Thompson, 415 U.S. 452, 482 n. 3 (1974) (Rehnquist, J.,
The state courts, like the federal courts, are bound by the
federal constitution and they have the duty to faithfully
interpret the federal constitution. See Huffman v. Purchase,
420 U.S. 592, 611 (1975). In addition, the state courts are bound
by the United States Supreme Court's interpretation of the
federal constitution, a point which the state supreme court has
acknowledged in Hall. See Hall, 2004 WL 1385937, *7.
However, there is no federal constitutional provision nor any
United State Supreme Court decision which requires the state
courts to follow an interpretation of the federal constitution
made by the lower federal courts. Thus, this court is constrained
to find that the Commonwealth Court's adherence to the plurality
opinion in Winklespecht instead of Mickens-Thomas I did not
violate the due process right or any other constitutional right
of the petitioner.*fn6 The court must also determine whether to recommend granting a
certificate of appealability ("COA") with respect to the
petitioner's claims. Since the court has adjudicated the
petitioner's claims on their merits, a COA can issue if jurists
of reason could find the court's determination of the merits of
the petitioner's claims debatable or wrong. See Slack v.
McDaniel, 529 U.S. 473, 484 (2000).
The court has found that the equal protection component of the
petitioner's first claim lacks merit because he is not similarly
situated to Louis Mickens-Thomas (the petitioner in
Mickens-Thomas I) and that the ex post facto clause component
of his first claim lacks merit because under a rule of
Pennsylvania parole law which pre-dated the commission of his
offense, he was not entitled to parole review when he requested
it. The court is of the view that reasonable jurists would not
debate these conclusions.

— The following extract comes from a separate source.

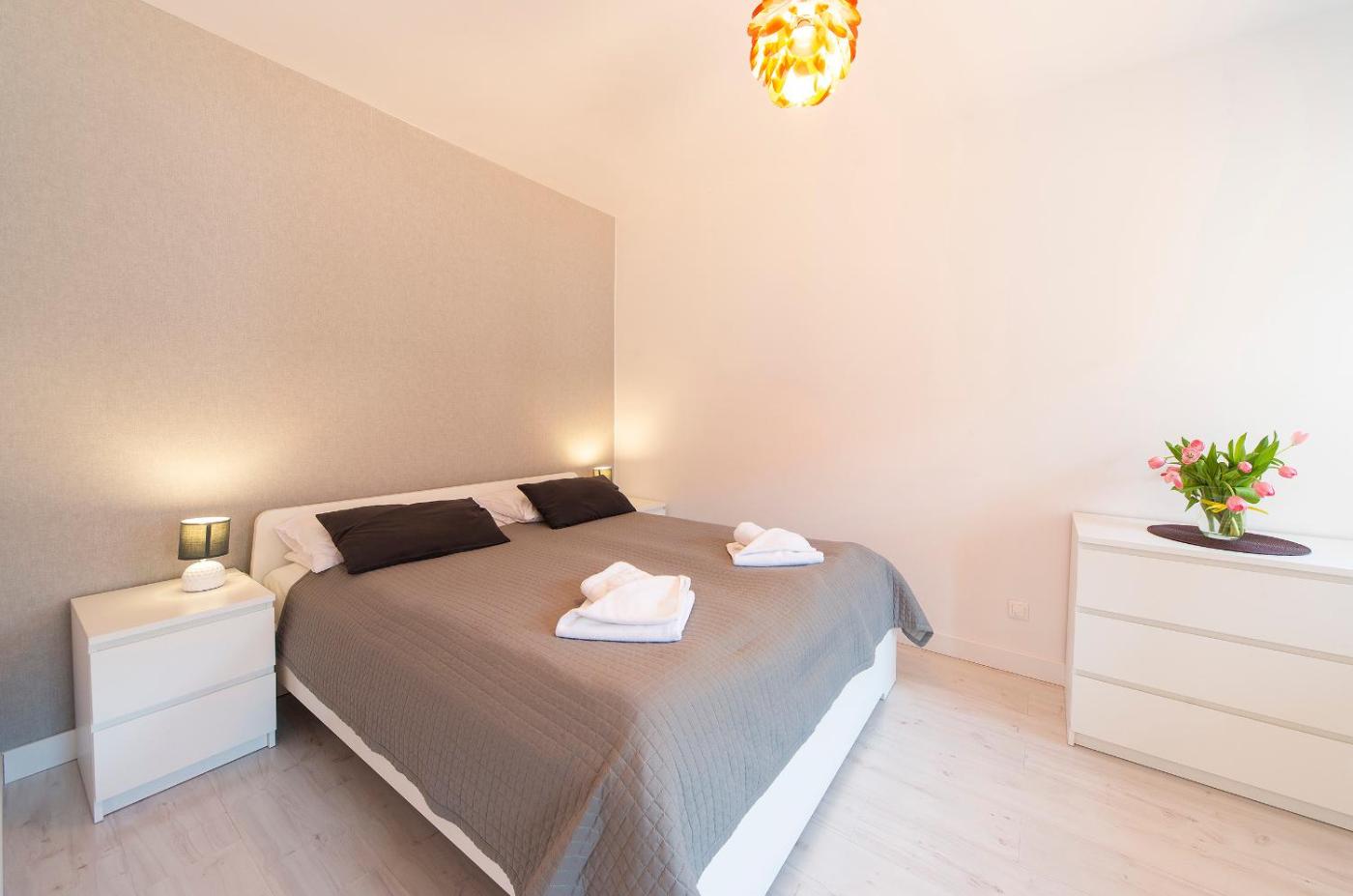 Apartament z 1 sypialnią. This apartment includes 1 living room, 1 separate bedroom and 1 bathroom with a walk-in shower and a hairdryer. Meals can be prepared in the well-fitted kitchenette, which has a stovetop, a refrigerator, a dishwasher and kitchenware. The apartment offers a washing machine, a tea and coffee maker, a seating area, a dining area, as well as a flat-screen TV. The unit has 2 beds. Apartament - 6 osobowy. Powierzchnia pokoju ok.: 56 mkw. ;

The court has found that the
petitioner's third claim is based on an incorrect recitation of
the relevant facts and lacks merit for this reason. In the
court's view, reasonable jurists would not debate this
conclusion. Finally, the court has found that the petitioner's
second claim lacks merit because there is no authority to support
it. In the court's view, reasonable jurists would not debate this
The court's recommendation follows. RECOMMENDATION
AND NOW, this day of July, 2004, for the reasons contained in
the preceding Report, it is hereby RECOMMENDED that the petition
for a writ of habeas corpus be DENIED and the petitioner's motion
for the appointment of counsel be DENIED. It is also RECOMMENDED
that a certificate of appealability not be granted.

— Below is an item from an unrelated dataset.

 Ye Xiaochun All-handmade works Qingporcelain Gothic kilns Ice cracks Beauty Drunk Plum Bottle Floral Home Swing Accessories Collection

AND NOW, this day of ____, 2004, after careful and independent
consideration of the petition for a writ of habeas corpus, the
response thereto and after review of the Report and
Recommendation of Diane M. Welsh, United States Magistrate Judge,
it is hereby ORDERED that:
1. The Report and Recommendation is APPROVED and ADOPTED;
2. The petition for a writ of habeas corpus is DENIED;
3. The motion for the appointment of counsel (Document no. 10)
4. A certificate of appealability is not granted.